Revenue Management in High-Density Urban Parking Districts: Modeling and Evaluation
This thesis explores how revenue management (RM) principles would integrate into a parking system, and how advanced reservation-making, coupled with dynamic pricing (based on booking limits) could be used to maximize parking revenue. Detailed here is a comprehensive RM strategy for the parking industry, and an integer programming formulation that maximizes parking revenue over a system of garages is presented. Furthermore, an intelligent parking reservation model is developed that uses an artificial neural network procedure for online reservation decision-making.
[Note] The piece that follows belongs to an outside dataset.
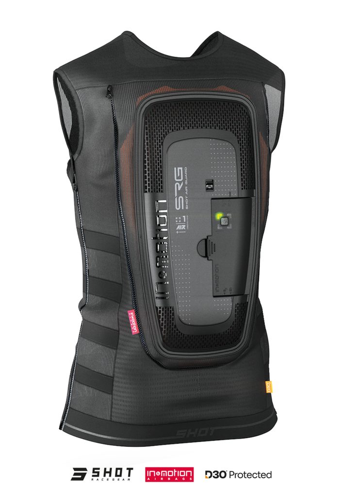 The SRG-1 is the world's first airbag vest specifically approved for motocross and enduro racing. Lightweight, breathable, and anatomically designed, it offers top-tier protection without restricting movement. Paired with the In&Motion system, it functions as an intelligent airbag that activates within milliseconds to protect vital areas.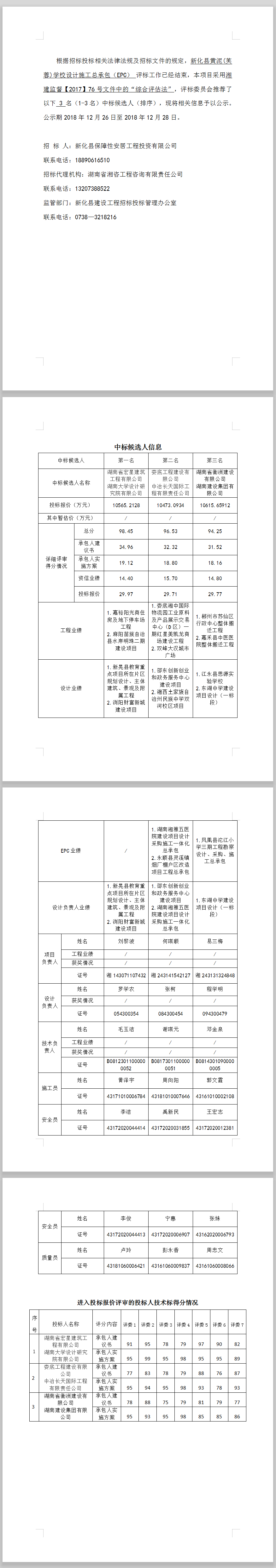 新化縣黃泥(芙蓉)學(xué)校設(shè)計施工總承包(EPC)中標候選人公示更正公告

Next, the work evaluates whether the implementation of a parking RM system in a dense urban parking district (and thus avoiding "trial-and-error" behaviors exhibited by drivers) mitigates urban congestion levels. In order to test this hypothesis, a parallel modeling structure was developed that uses a real-time decision-making model that either accepts or rejects requests for parking via a back-propagation neural network. Coupled with the real-time decision-making model is a micro-simulation model structure used to evaluate the policy's effects on network performance. It is clear from the results that the rate at which parkers renege is a primary determinant of the value of the implementation of RM. All other things being equal, the RM model in which the majority of parkers is directed to their precise parking spot via the most direct route is much more robust to the random elements within the network that can instigate extreme congestion.
The thesis then moves from micro-evaluation to macro-evaluation by measuring the performance of the urban parking system from the perspective of the set of relevant stakeholders using the hyperbolic DEA model within the context of the matrix DEA construct. The stakeholder models, including that of the provider, the user, and the community, have defined inputs/outputs to the hyperbolic DEA model, which allows for the inclusion of undesirable outputs such as network delay and incidence of extreme congestion. Another key contribution of this work is that of identifying design issues for current and future dense urban parking districts. Clearly, reneging rate and the tenacity of perspective parkers is a key consideration in cases where RM policy is not implemented.